SAM: And what we only really realised that was important was when we finished our first stint of that previous trip and we got back from South America and just kind of landed at our parents house and just the feeling of that kind of like, oh wait we didn’t know that was there. A shed or something you’re perfectly comfortable which you don’t have to feel if you’re basically moving home every week, every month. Cool so shall we address those?
EMMA: Sounds good.
SAM: I’m interested to hear your thoughts as well, because we kind of talked about this but I don’t think we’ve ever really gotten that much into detail. So community, how are you feeling about community this time around?

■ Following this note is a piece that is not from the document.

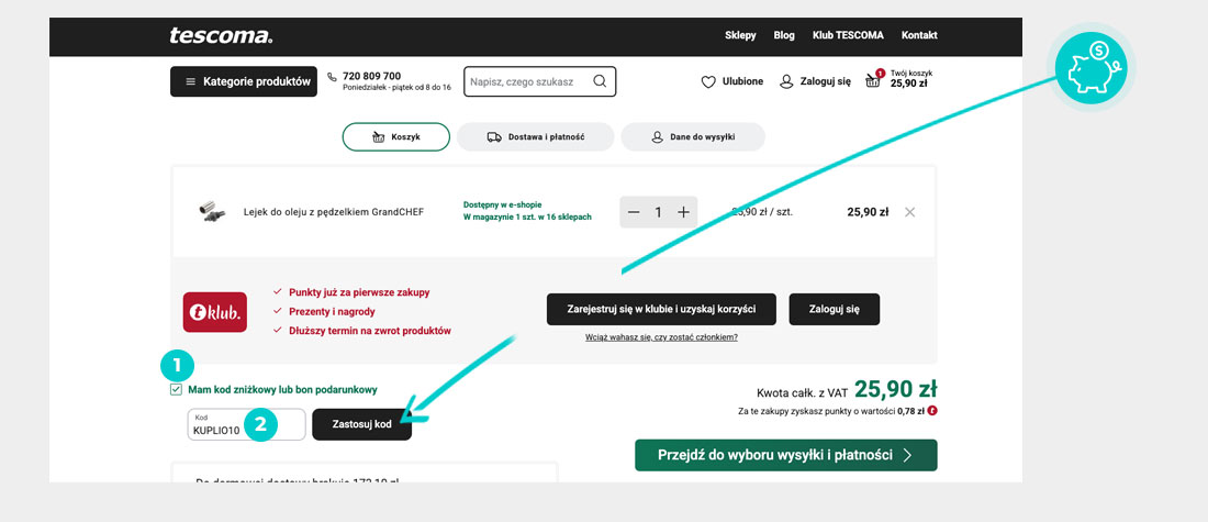 Wybierz produkt w e-sklepie Tescoma.pl który Cię interesuje, naciśnij przycisk "Kup", a produkt zostanie automatycznie dodany do koszyka. Bezpośrednio w koszyku znajdziesz pole „Kupon podarunkowy lub rabatowy” pod wybranym produktem. Wpisz tutaj skopiowany kod rabatowy lub wprowadź go ręcznie i potwierdź przyciskiem „Zastosuj”.
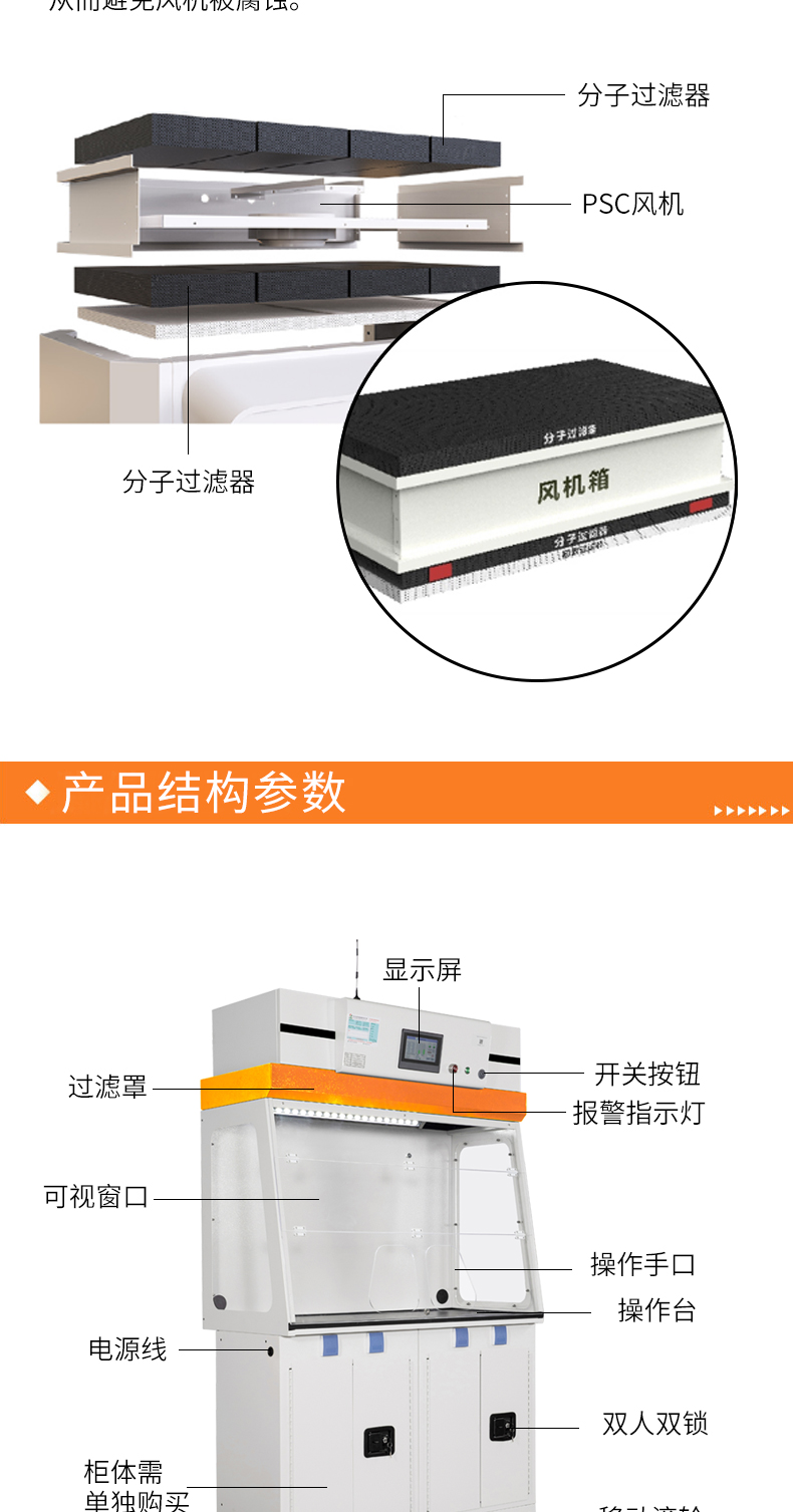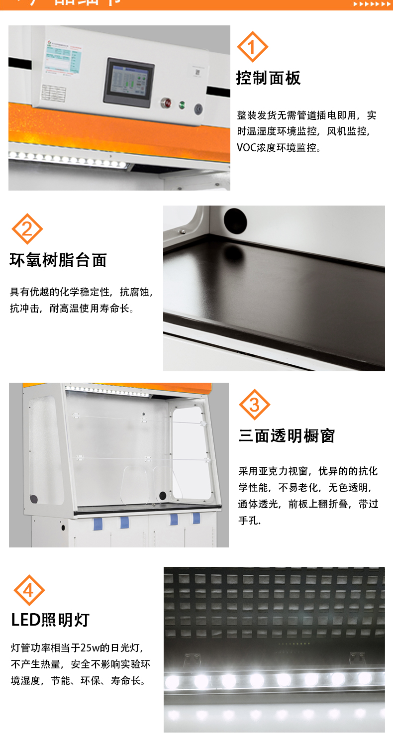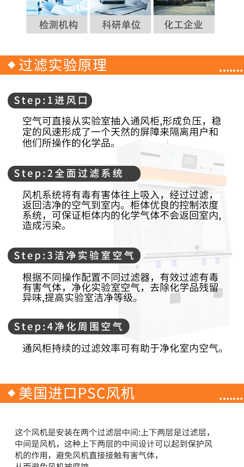 3、先进模块化过滤技术,完全吸附过滤实验产生的有害气体、颗粒粉尘等物质。

EMMA: Well we haven’t really joined any yet? So far, the two new places we’ve been are Croatia for my friend’s wedding and then we’re in Bangkok to see some uni friends, and we haven’t really gone to many workspaces or done the usual activities. To be fair in the last two days we’ve been into church and brazilian jiu jitsu and yoga, but it takes more than going just one time to get a community and to make friends. So to me, it’s like it’s quite early.
SAM: Yeah and these first few stops we’re moving quite quickly through. And also we’ve been hanging out with each other.
EMMA: Yeah and also moving, getting rid of the stuff in our houses was really stressful, really tiring and we needed some downtime.
SAM: That was way more work than I thought it would be.
EMMA: Yeah I don’t think either of us were ready to throw ourselves into going out every night, talking to loads of new people, making loads of effort putting ourselves out there. It’s been very light like a holiday, which has been lovely and much-needed and something we definitely didn’t have when we went to Buenos Aires which is our first stop in our last trip.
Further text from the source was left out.